Blood moves around the body through long thin tubes called blood vessels. Another type of fluid called lymph which contains waste and immune cells moves around the body through lymphatic channels.
Cancer cells can use blood vessels and lymphatics to travel away from the tumour to other parts of the body. The movement of cancer cells from the tumour to another part of the body is called metastasis.
Before cancer cells can metastasize, they need to enter a blood vessel or lymphatic. This is called lymphovascular invasion.
Lymphovascular invasion increases the risk that cancer cells will be found in a lymph node or a distant part of the body such as the lungs.
A margin is any tissue that has to be cut by the surgeon in order to remove the tumour from your body. A negative margin means that no cancer cells were seen at the cut edge of the tissue. In contrast, a positive margin means that cancer cells were seen at the cut edge of the tissue. If HSIL or dVIN are seen at the margin that will also be described in your report. A positive margin increases the risk that the tumour will grow back in that location.
Lymph nodes are small immune organs located throughout the body. Cancer cells can travel from the tumour to a lymph node through lymphatic channels located in and around the tumour (see Lymphovascular invasion above). The movement of cancer cells from the tumour to a lymph node is called a metastasis.
Most reports include the total number of lymph nodes examined and the number, if any, that contain cancer cells.
Your pathologist will carefully examine all lymph nodes for cancer cells.
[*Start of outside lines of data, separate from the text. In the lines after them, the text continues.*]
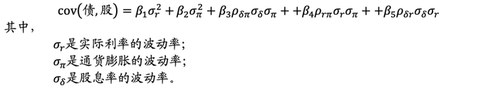 学术上对于股票和债券相关性的讨论同样聚焦于股债定价方式的讨论。耶鲁大学的Lingfeng Li曾在“Macroeconomic Factors and the Correlation of Stock and Bond Returns”(2002)中提出了股债相关性的理论决定因素模型。模型首先设计了股债作为资产大类的定价仿射模型(Affine Model),并由此推导出了股债协方差模型(具体推导详见相关论文):
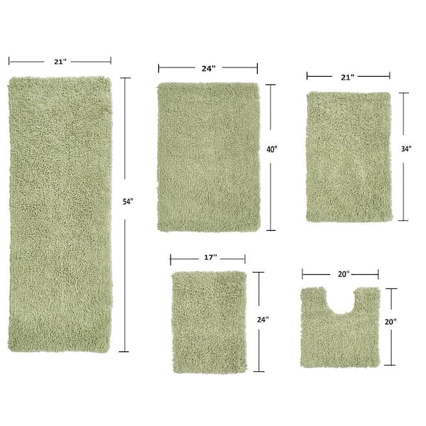 Fantasia Bath Rug 100% Cotton Bath Rugs Set, 5-Pcs Set with Contour, Sage
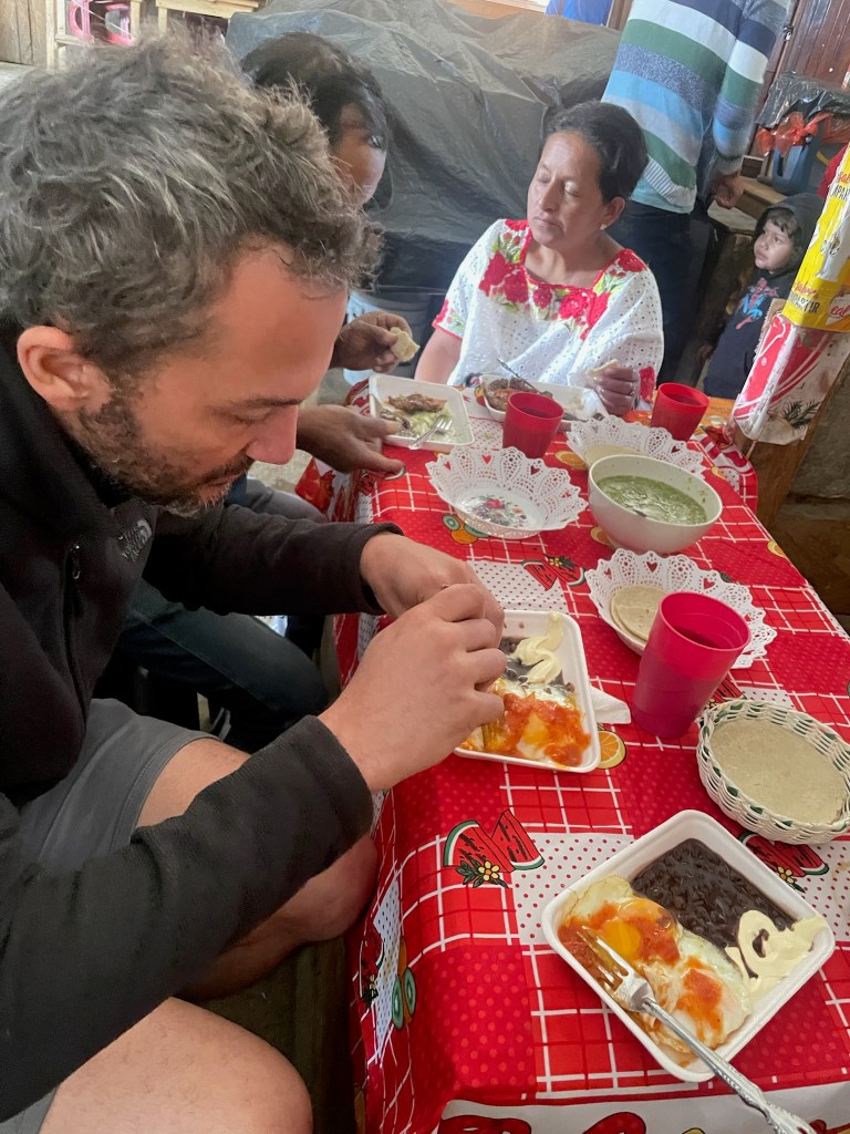 En attendant le prochain bus pour Sayaxché, c’est sur un petit stand du marché que nous allons prendre notre petit déjeuner. Ce n’est pas le brunch des halles de notre chère cité des Ducs, mais cela fera largement l’affaire.
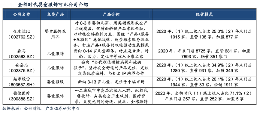 經(jīng)典案例:根據(jù)公司財報、廣發(fā)證券研究中心等綜合資訊表明,全棉時代嬰童服飾定位于一二線城市中高層次收入人群,同時開始通過加盟店形式 逐漸布局三四線城市,憑借其“全棉材質(zhì)”、“無熒光無甲醛添加”,“醫(yī)療背書”等關鍵詞很好地迎合了當下追求天然、健康、舒適、品質(zhì)的消費趨勢。
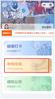 考生可在“审核结果”中查询自己的健康状况筛查审核结果及审核意见。
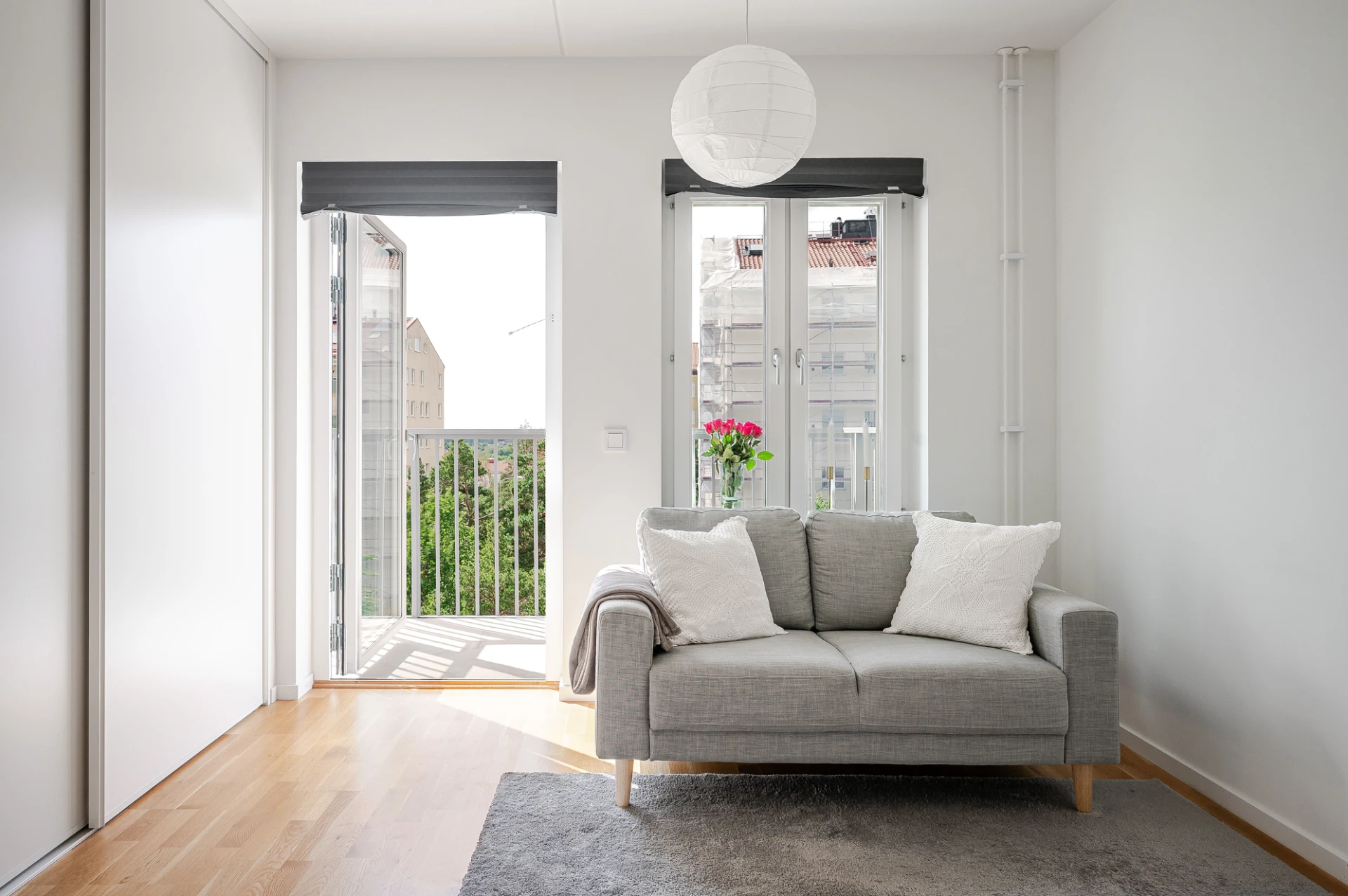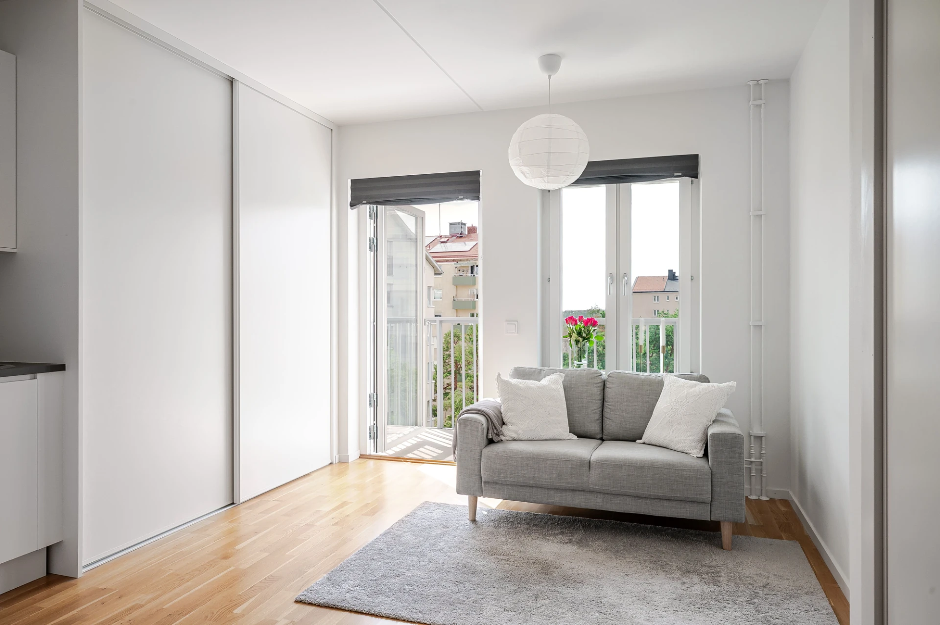 Ljust vardagsrum i öppen planlösning mot köket, perfekt för både vardagsliv och sociala tillställningar. De stora fönsterpartierna släpper in rikligt med ljus och bjuder på en hänförande utsikt som ger rummet en unik känsla av rymd. Från vardagsrumsdelen nås den härliga balkongen. I rummet finns bra förvaringslösning i garderob bakom skjutdörrar.

Lymph nodes that contain cancer cells are often called positive while those that do not contain any cancer cells are called negative.
Isolated tumour cells are a group of a cancer cells found in a lymph node that measure less than 0.2 millimeter in size.
Finding cancer cells in a lymph node is associated with a higher risk that the cancer cells will be found in other lymph nodes or in a distant organ such as the lungs. The risk is less if only isolated tumour cells were found.
The pathologic stage for squamous cell carcinoma of the vulva is based on the TNM staging system, an internationally recognized system originally created by the American Joint Committee on Cancer.
This system uses information about the primary tumour (T), lymph nodes (N), and distant metastatic disease (M) to determine the complete pathologic stage (pTNM). Your pathologist will examine the tissue submitted and give each part a number. In general, a higher number means more advanced disease and worse prognosis.
Tumour stage (pT) for squamous cell carcinoma
Squamous cell carcinoma is given a tumour stage between 1 and 3. Your pathologist will look for three features in order to determine the tumour stage:
1. The size of the tumour.
2. Depth of invasion (see Tumour size above).
3. Tumor extension which is the spread of cancer cells into nearby tissues including the urethra, vagina, bladder or rectum.
Nodal stage (pN) for squamous cell carcinoma
Squamous cell carcinoma is given a nodal stage of 0 or 3 based on the number of lymph nodes involved by cancer and the size of the cancer in the lymph nodes.
If no cancer cells are seen in any of the lymph nodes examined, the nodal stage is N0. Lymph nodes with isolated tumour cells are also given an nodal stage of N0.
If no lymph nodes are submitted for pathological examination, the nodal stage cannot be determined and the nodal stage is listed as NX.
Metastatic stage (pM) for squamous cell carcinoma
Squamous cell carcinoma is given an metastatic stage of 0 or 1 based on the presence of cancer cells at a distant site in the body (for example the lungs). The metastatic stage can only be assigned if tissue from a distant site is submitted for pathological examination. Because this tissue is rarely present, the metastatic stage cannot be determined and is listed as MX.